La deuxième, c’est que les relations humaines, cela s’apprend. Les

relations familiales viennent assez naturellement, les relations choisies sur les

réseaux sociaux ou dans les tribus « affectuelles », pour rappeler Aline

Scouarnec, ne sont pas très difficiles, mais travailler dans une organisation

c’est entrer en relation avec ses collègues, ceux que l’on n’a pas choisi, ceux

avec lesquels on ne passerait pas un week-end. Les spécialistes du

management ont-ils intégré que le travail devait aussi être un lieu

d’apprentissage de ces relations humaines ?

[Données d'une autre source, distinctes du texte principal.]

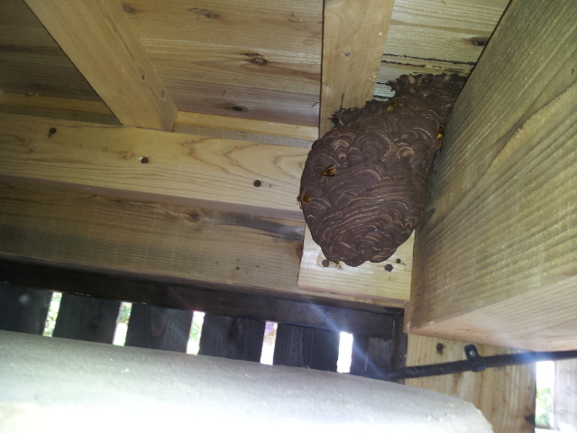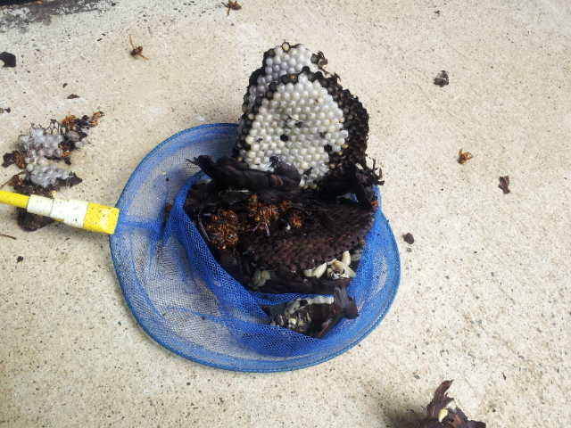 平々凡々の日々。 気温と世界情勢だけが熱くなっておりますが… そーんな平凡な日々、遂にバイオレンスな 事態が我が家に… ス ズメバチの襲来である。 最初は、「なーんか最近、デカい蜂をよく見ることねぇ?どっかに蜂の巣があるんじゃねぇ?」的な感じであったが、 ここ最近は、軒下から小ぶりのスズメバチが行き来している。 まさに古い映画であるが、TopGunのオープニングで ケニーロギンスのディンジャーゾーンが鳴り終わるときに、 F-14が空母に離着陸している様子。って、余裕をぶちかましてる場合ではない。 先週は、ハチ専用の殺虫スプレーを買って、 離着陸しているハチに噴きまくった。 ざっと30、40匹は、撃墜したかな。 しかし、巣を仕止めないと意味はない。 景気よく離着陸を繰り返している。 この時点で悟った。 時に第二次世界大戦で制空権を取るものこそ、勝者。 正にこの事である。 ハチ専用の殺虫スプレーマグナムジェットを一缶握りしめ、 巣の場所も分からないままの総攻撃は無謀。 玉砕は、してはならないのだと。 軍事ネタは、このくらいで… さて、勇気を出して、敵艦隊の様子をうかがうべく出撃。 軒下に侵入。 おー、何とバレーボールくらいのススメバチの巣を発見。 近づくと、巣から蜂の大群がうごめく、何とも言えない音が聞こえる。 敵本陣の情報もキャッチした。と言うことは、攻撃あるのみでしょ。 てな訳で、ホームセンターにて マグナムジェット3缶、麦藁帽子に装着する顔面防護ネット、厚手のゴム手袋を購入。 いざ出陣。 蜂採り名人は、夜襲をかけるらしいが・・・ 週末は、めちゃ忙しいので、早速決行。 巣に近づき、マグナムジェットを小まめに噴霧。 ここで発見。 蜂用の殺虫スプレーの威力の凄さは、噴霧量にある。 約1秒間、巣にめがけて噴霧すると 殺虫液がビチョビチョ滴り落ちるほどである。 恐るべし。こ んなものを顔面に気食らったら・・・ 噴霧のたびにスズメバチが巣から苦しみながら飛来。後に落下の繰り返し。 数匹こちらに向かって飛んできたが、装備もばっちりという余裕の心構えなので落ち着いてジェットで応戦。 巣の中では、もがき苦しむ蜂の異音が鳴り止まない。 マグナムジェットを1缶使ったところで、巣からの蜂に飛来、異音が無くなった。 念 には念を入れて、巣の上部と中部に穴を開けて、ジェット噴霧。 やはり、残党が出てきた。危ない危ない・・・ こ こまで使ったマグナムジェットは、1缶半。 ここで落城に踏み切る。 高枝切りハサミで蜂の巣の根元を切ろうとするが、何とも頑丈。 完璧な土台が作られており、ひとまず断念。 作戦を変更。 中断より上の部分をざっくりと落として、虫取り網でキャッチ。 かなりの重量である。その後、残りの巣を根元よりゆっくりと落として、見事捕獲成功。 グロテスクな蜂の子が、猛烈に居た。 捕獲成功の達成感の後の大量虐殺の罪悪感が止まない。 こちらも家の安全を考え一生懸命、ススメバチも命がけである。 上手く共存は、できないものかと・・・ PR

La troisième, c’est que les managers ont évidemment une charge de plus

sur les épaules avec cet impératif relationnel. Mais encore faut-il qu’ils le

veuillent et qu’ils en aient la compétence. Est-ce que nos outils de sélection,

de promotion, d’évaluation et de rétribution des managers en tiennent

compte ?

La quatrième, sans doute la plus importante, c’est que la qualité des

relations humaines est aussi une responsabilité générale, partagée.

Chacun en a sa part, les organisations auxquelles on impose une

responsabilité sociale, les managers généralement responsables de tout mais

aussi l’ensemble des acteurs, des salariés. A l’heure où la maîtrise des outils

numériques devient un impératif de l’honnête homme, il faudra peut-être y

rajouter la qualité relationnelle. C’est un vrai enjeu car nos jeunes étudiants,

comme nos managers, considèrent que leur efficacité managériale, le fait de

devenir leader, ce mot qui se traduit si mal en allemand, tiendrait surtout à

leurs qualités intrinsèques propres plutôt qu’à leurs relations aux autres.